Gregor unfolded it. “Dear Bennis,” it said. “By now you must know this was all my fault, all of it, and the more I think about it the worse it makes me feel. I can’t understand why I cause all this trouble, or what I’m supposed to do about it afterward. Right now I’d rather be dead than alive. Sometimes I just get so confused. If I was dead, would it matter to you? Emma.”
Gregor folded it up again. “It’s a very credible note. More like what suicides actually write than most people would think. Fake notes tend to be—more direct.”
“I know. That’s because this isn’t a fake note.”

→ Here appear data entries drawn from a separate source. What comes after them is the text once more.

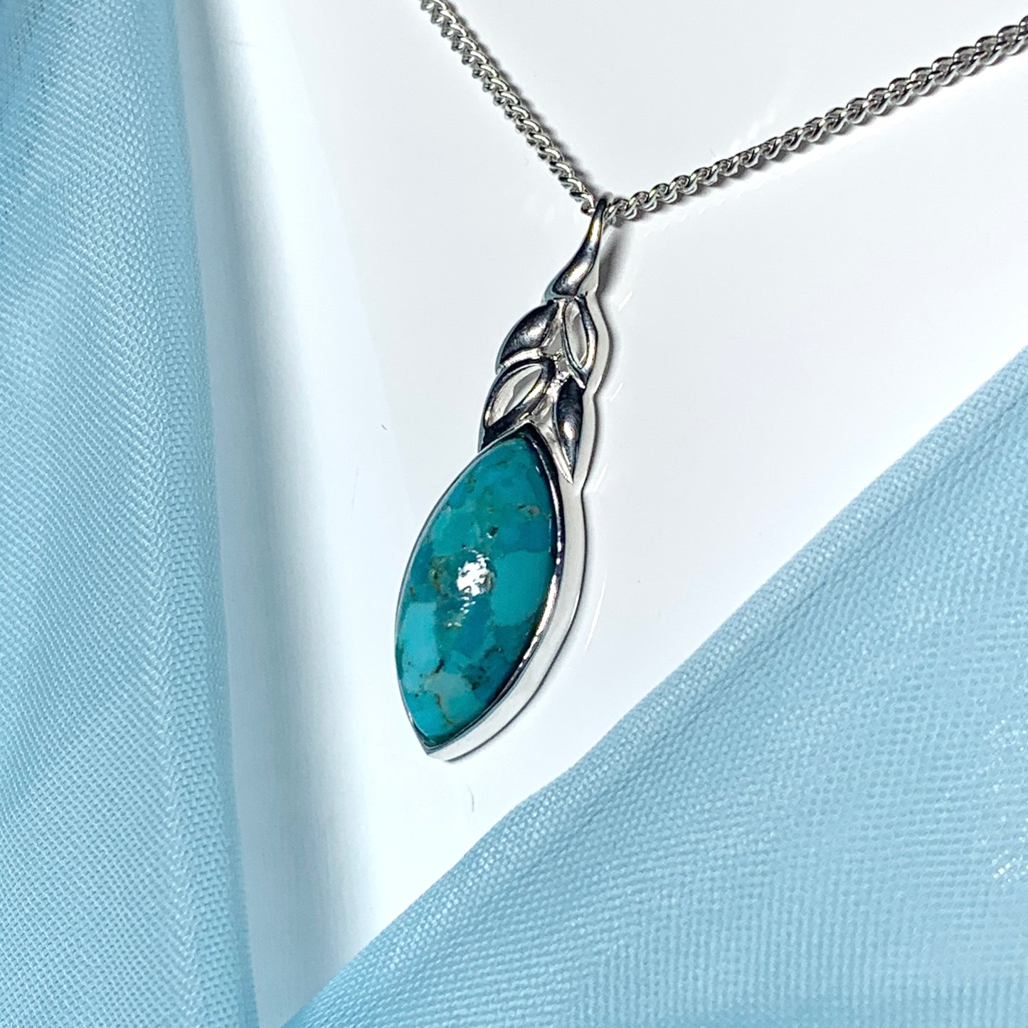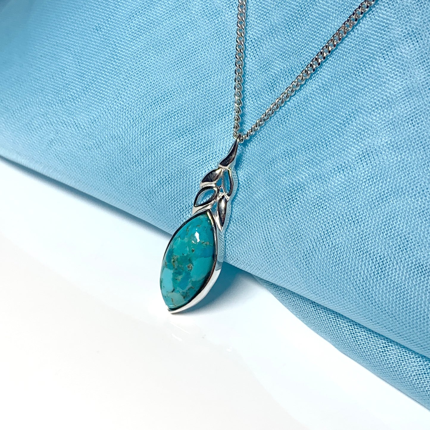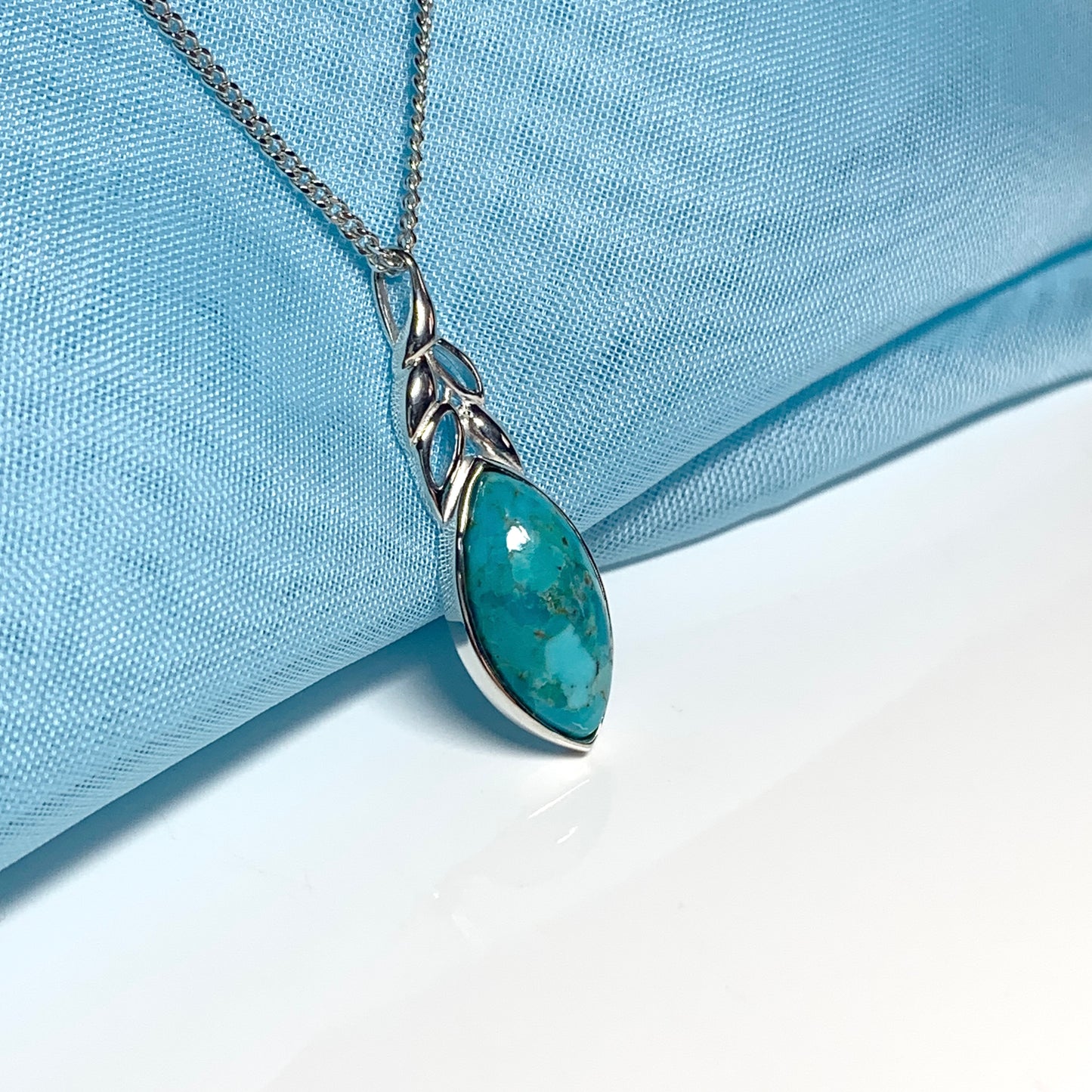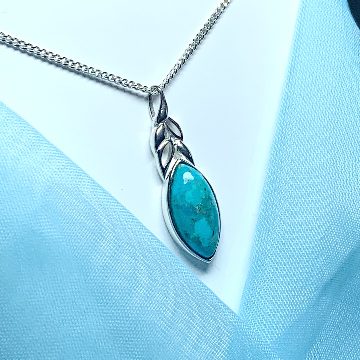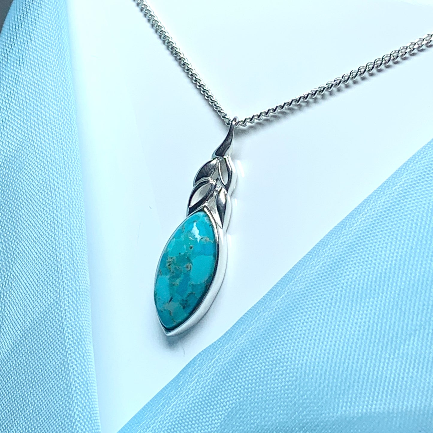 A beautiful sterling silver turquoise set necklace, with a marquise cut turquoise stone, with a solid sterling silver curb chain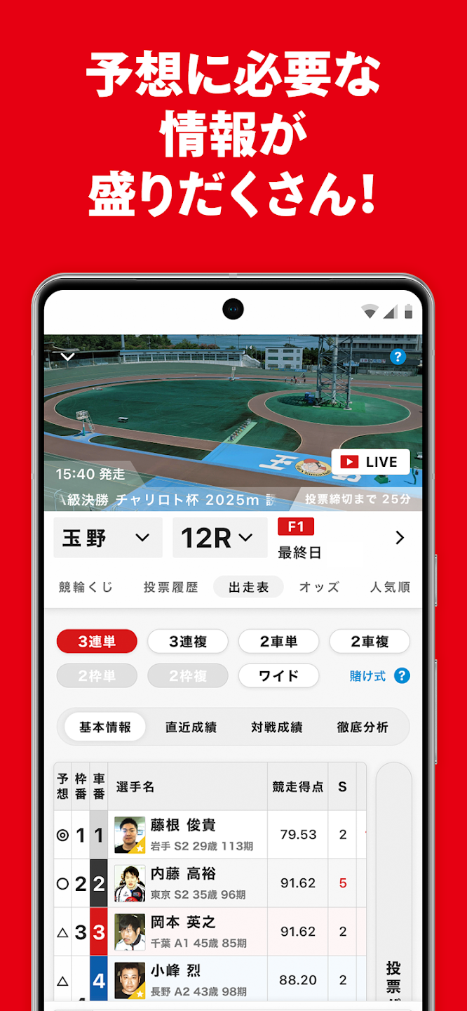 投票の精度を上げるための情報ツールも充実しています。アプリ内では出走表・リアルタイムオッズ・選手の過去成績・対戦成績(直近1年分)・徹底分析(レース種別成績・周長別成績)などを確認可能。選手の所属・年齢・競走得点・決まり手・地区割りまで一画面で把握できるため、並びの読みにも役立ちます。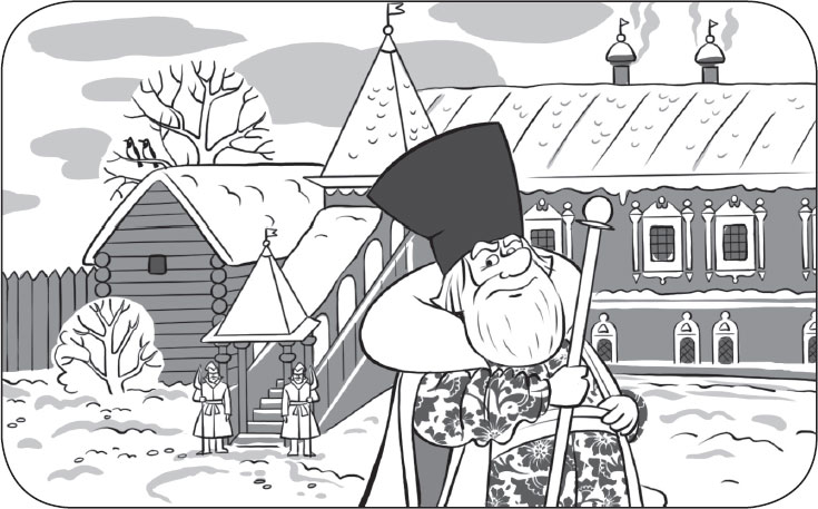Тут на крыльцо вышел хозяин с окладистой (широкой, густой, начинающейся от висков) бородой. Одет он был в широкую и длинную (до колен) рубаху, отделанную красным шелком, золотом и жемчугом, стянутую на поясе шелковым шнуром. Вместо пуговиц – две большие жемчужины. Роскошная одежда указывала на то, что перед Витей стоял боярин. Мальчик знал, что в Русском царстве бояре были самыми богатыми, некоторые из них – даже богаче царя.

“I thought you said on the phone-—-”
“I did. I said I had a suicide note that wasn’t a suicide note. And that’s true. Emma Hannaford wrote that”—-Jackman gestured at the note again—” to Bennis Hannaford as a letter, about three months ago. It worried the hell out of Bennis, so she kept it. She says she’s been meaning to talk to Emma about it ever since they all got to Engine House, but she hasn’t had the chance. And this morning, that note was sitting in her pocketbook, on her bed, in her bedroom, just where she’s been keeping it since the day she got it. She says she saw it there at ten-forty-five.”
“I take it there’s some significance to ten-forty-five,” Gregor said.
Jackman shrugged. “Not as much as I’d like, but enough.” He looked around until he found his notebook, discarded absent-mindedly on top of the windowseat. He picked it up and flipped through the pages. “I took some time and made out a table, as far as I could, from the little questioning I’ve been able to do since I got here. It’s not complete, but it’s got some interesting points. You want to hear them?”